За столом напротив сидела тогда, он вдруг вспомнил, красивая светловолосая девушка, улыбалась, встречаясь с ним взглядом. Почему не она, а Гульбика стала твоей женой?
Потом в темной комнате в общежитии они были одни, и он остался.
Она не отвечала на ласки, только тихо, едва слышно говорила:
— Камил, Камил…
Потом все было — знакомства, приятное внимание со стороны знакомых и родственников, покупки в магазинах и счастье близости с Гульбикой. Через некоторое время они поехали в Белые Вечера, где жили родители невесты.
В деревне тоже был сплошной праздник, знакомство с родственниками…
Единственное, что огорчало Камила в то время — навязчивые разговоры Ягафара-агая о будущем, о работе. Камил еще не решил, что делать, кем стать. В школе и потом в армии мечтал о музыкальном училище, пел на всех вечерах и в солдатской самодеятельности, но подступиться к этой мысли тогда еще боялся.
А тут — одна тема:
— Кеяу, где жить собираетесь? Может, к нам, сюда, переедете? Дом вам поставим новый. За рекой у нас покосы. А картошку знаешь какую выращиваем? А мы вам корову отдадим, овец — штук пять, заживем, как одна семья, и Гульбике здесь работа найдется, и тебе…

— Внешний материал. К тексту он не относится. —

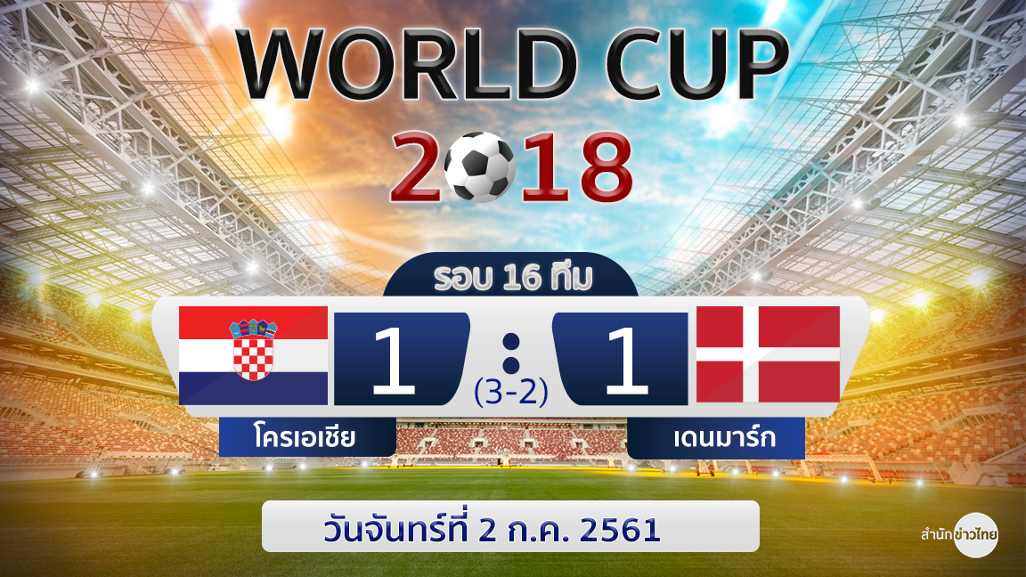 ฟุตบอลโลก 2018 รอบ 16 ทีมสุดท้าย ที่นิซนี่ นอฟโกรอด สเตเดี้ยม โครเอเชีย ชุดสีดำ พบกับ เดนมาร์ก เริ่มเกมได้เพียงแค่ 58 วินาที เดนมาร์ก มาได้ประตูขึ้นนำก่อน 1-0 จากจังหวะยิงของมาธิอัส ยอร์เกนเซ่น บอลไปชนขา ดานิเยล ซูบาซิช ผู้รักษาประตูโครเอเชียเข้าไป แต่นาทีที่ 3 โครเอเชีย มาได้ประตูตีเสมอ 1-1 จากจังหวะ ซิเม่ เวอร์ซัลจ์โก้ เปิดบอลเข้ามาในเขตโทษ และ เฮนริค ดาลสการ์ด เตะสกัดบอลกระดอนไปโดนศีรษะของ อันเดรียส คริสเตนเซ่น และบอลกระดอนมาเข้าทาง มานด์ ซูคิช ยิงเข้าไป จบ 90 นาทีทั้ง 2 ทีมทำอะไรเพิ่มไม่ได้เสมอกัน 1-1 ต้องต่อเวลาพิเศษออกไปครึ่งละ 15 นาที

Камилу, мечтавшему о том, чтобы выйти к людям и спеть им обо всем, что звенело в душе, перспектива копать картошку казалась кощунственной, и он с трудом сдерживался, чтобы не прервать размечтавшегося тестя.
Гульбика как будто заново родилась — повсюду был слышен ее смех, она вставала раньше матери и все делала по дому, к пробуждению Камила уже была одета во все лучшее… Даже полукружья под глазами делали ее еще красивее.
Они вернулись в город и прожили около месяца. Камил целыми днями лежал в комнате, которую выделили в общежитии фабрики, где работала Гульбика, изредка выходил на улицу подышать свежим воздухом, и взгляд его все больше тускнел.
«Что же дальше-то будет?» — спрашивал он себя и чувствовал, что все, к чему он стремился в жизни, невозможно из-за этой женитьбы: какие там училища, какая музыка… и главное, Гульбика перестала быть ему необходимой. А может быть, никогда необходимой и не была.